Some Western investigators believe the alleged plot was one of the most serious threats in Spain since the Madrid train bombings that killed 191 people in 2004. Others, including some Spanish anti-terrorism officials, doubt that an attack was imminent.

But they all agree that the case illustrates a shift in the landscape -- and they are struggling to adjust.

For years, Al Qaeda leaders based in Pakistan almost exclusively targeted Britain, using radicals among the more than 1 million residents of South Asian descent. Those networks have showed greater ability and determination to strike the West than the North African or Middle Eastern groups that have been the main threat to continental Europe.
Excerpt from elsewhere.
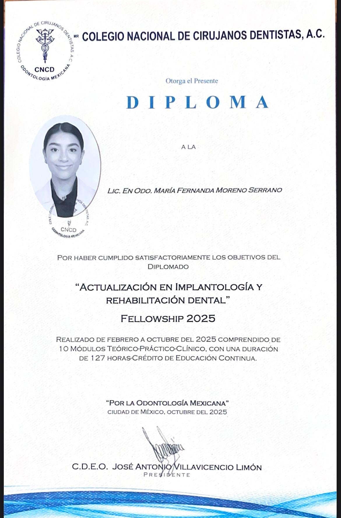 La Dra. Fernanda es una excelente profesional y sin duda la mejor dentista que he tenido. Me ha atendido en múltiples procedimientos, comenzando por dos implantes dentales cuya cirugía fue exitosa, indolora y sorprendentemente rápida. También he tenido con ella una incrustación dental, limpiezas, atención de caries, restauraciones posteriores a endodoncia y próximamente estaremos trabajando en mi diseño de sonrisa.

During the last six months, however, Danish, German and now Spanish authorities have broken up alleged plots linked to the Waziristan region of Pakistan, where investigators have detected an increase in Western recruits at clandestine training compounds. The cases suggest that Al Qaeda and its allies are trying to recruit within a rapidly growing Pakistani immigrant population in continental Europe.

As Britain has toughened border controls, more South Asian immigrants have headed elsewhere in Europe seeking economic opportunity and respite from turmoil at home. Some have arrived legally, but others travel along smuggling routes through the Middle East and Africa.

Although extremists remain a small minority, the presence of militant cells has increased along with the population, anti-terrorism officials say.